Categorical Outcome performance metrics
Categorical outcomes are limited to 2 distinct values (e.g. True/False or 0,1). This is known as a binary classification problem.
- Confusion matrix: A confusion matrix shows all the outcomes in terms of predictions and actual classification in the data. This helps you to see if the model is biased towards predicting specific outcomes.
- Accuracy: The proportion of correctly classified instances among all instances (true positives + true negatives) divided by the total number of instances. It can be misleading in highly imbalanced datasets, because it is easy to get high accuracy by predicting the most common outcome.
- Precision: The ratio of true positives to the total predicted positives, representing the ability of the model to correctly identify positive instances without misclassifying too many negatives.
- Recall: The ratio of true positives to the total actual positives, indicating the model's ability to capture all positive instances without missing too many.
- F1-Score: The harmonic mean of precision and recall, providing a balanced measure that considers both false positives and false negatives, making it particularly useful in imbalanced datasets.
Numerical Outcome performance metrics
- R-squared: A measure that represents the proportion of the variance in the dependent variable (target) that is explained by the independent variables (features) in the model. R-squared values range from 0 to 1, where 1 indicates a perfect fit and 0 indicates that the model does not explain any variability.

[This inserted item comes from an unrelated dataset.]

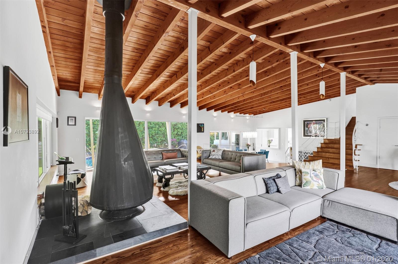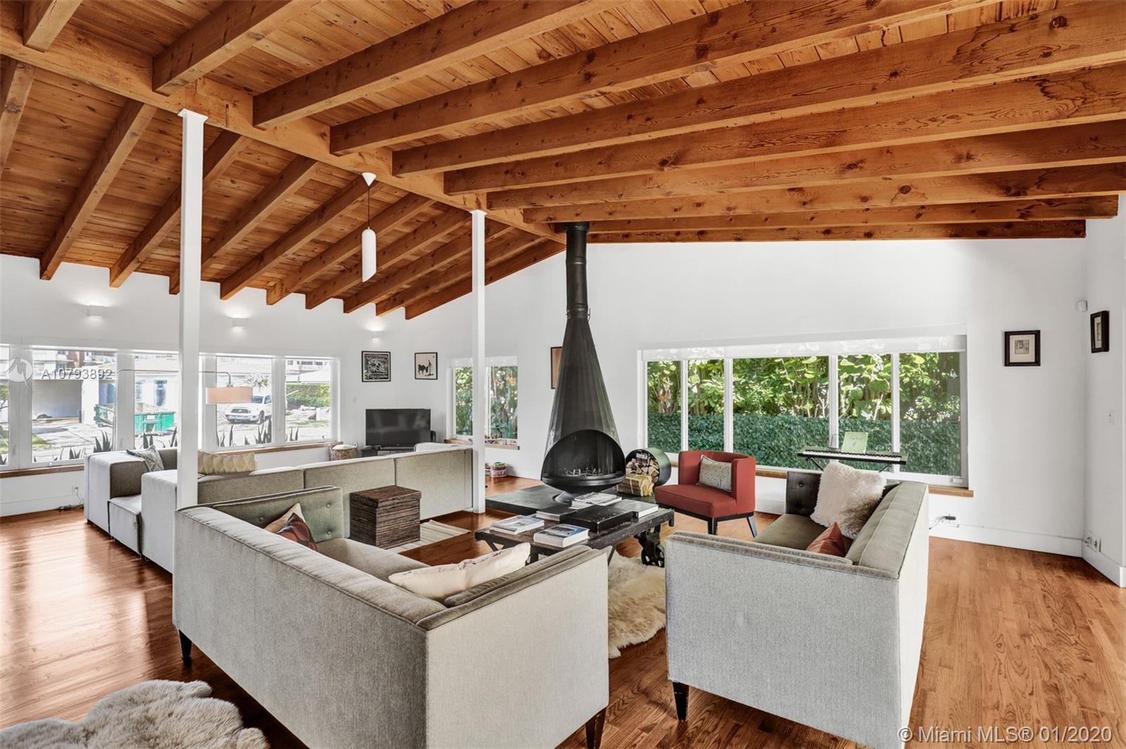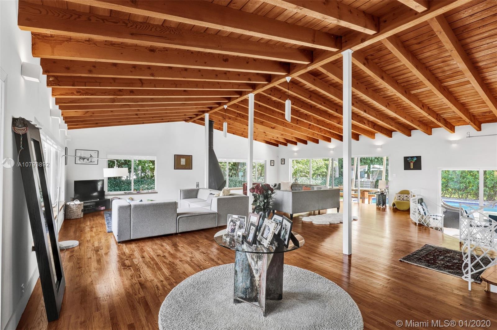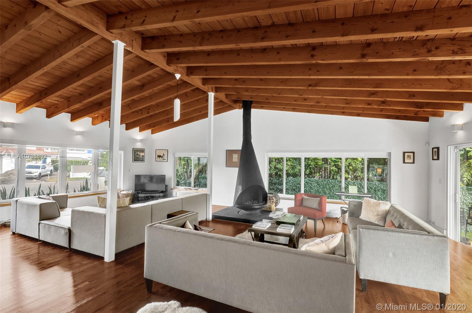 This one of a kind architectural gem is located in east Miami Shores only one house from the bay. Designed by mid century architect Robert Nordin, it boasts an impressive exposed Pine wood ceiling over a spacious living area overlooking the inviting backyard and pool. The traditional use of wood blends beautifully with modern finishes. A 1950's original working fire place adds to the mid century authenticity. Fully renovated in 2016 it has new impact windows/doors, new plumbing/electric, new roof, custom lighting, Bandalux window treatments, a high end kitchen w/custom cabinetry, Bosch appls. plus laundry room. The sumptuous master bedroom offers his/hers baths and a custom walk-in closet. A covered 2 car garage and plenty of storage space abound. This home is a must see and a great value!

- Root Mean Square Error (RMSE): The square root of the average of the squared differences between the predicted and actual values. RMSE provides a measure of the typical magnitude of errors, with lower values indicating better model performance. It is sensitive to large errors due to the squaring operation.
- Mean Absolute Error (MAE): The average of the absolute differences between the predicted and actual values. MAE provides a measure of the average magnitude of errors without considering their direction. It is less sensitive to outliers compared to RMSE.
In addition, a scatter plot of predicted vs actual outcomes is displayed, with a fitted linear trend line. The displayed outcomes are coloured by Treatment group, so you can see if performance is worse on one group.